'The Era Of Hope Is Over'
It HAD BEEN A BEDROCK BELIEF of U.S. policy for 40 years that it was possible to bring the People’s Republic of China smoothly into the family of nations—and now, one of the architects of that policy was finally acknowledging the obvious.
In a speech six months ago, former World Bank President and Deputy Secretary of State Robert Zoellick reminded listeners of his own famous 2005 call on Beijing to become a “responsible stakeholder.” He ticked off a few of the ways in which China had done just that: voting for sanctions on North Korea and limiting missile exports, for instance. But then he acknowledged that the project had gone off the rails.
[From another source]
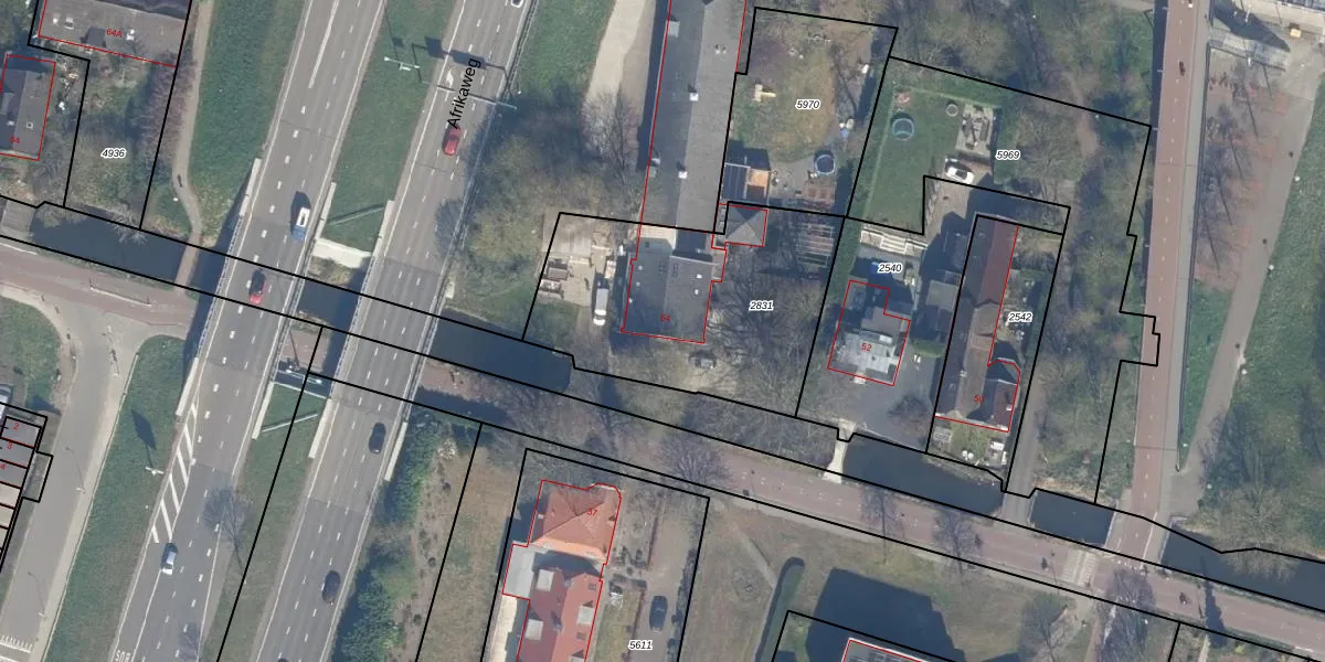 Het perceel waarop Voorweg 54 staat heeft een oppervlakte van 1093 m². Dit is een zeer groot perceel. De perceeloppervlakte wordt geregistreerd door het Kadaster. Gedetailleerde informatie over de maten van dit perceel kunt u vinden in het rapport Kadastrale kaart met maatvoering van Voorweg 54.

“Xi Jinping’s leadership,” Zoellick said of the PRC president, “has prioritized the Communist Party and restricted openness and debate in China. China hurts itself by forging a role model for dystopian societies of intrusive technologies and reeducation camps.” He added: “The rule of law and openness upon which Hong Kong’s ‘One Country, Two Systems’ model rests may topple or be trampled. If China crushes Hong Kong, China will wound itself—economically and psychologically—for a long time.”
Zoellick had that right. A global pandemic has brought relations between Beijing and Washington to its lowest point since China reopened to the world in 1978—even lower even than in those extraordinary days following the 1989 Tiananmen massacre.
What had been a more confrontational, trade-centric relationship since the start of President Donald Trump’s term, has now descended into bitterness in the midst of a presidential reelection campaign Trump fears is slipping away. Any chance that the pandemic might spur Washington and Beijing to set differences aside and work together on treatments and other aspects of the pandemic—such as how exactly it started—is long gone. On May 13, the FBI announced an investigation into Chinese hackers that it believes are targeting American health care and pharmaceutical companies in an effort to steal intellectual property relating to coronavirus medicines. Without specifying how, the Bureau said the hacks may be disrupting progress on medical research.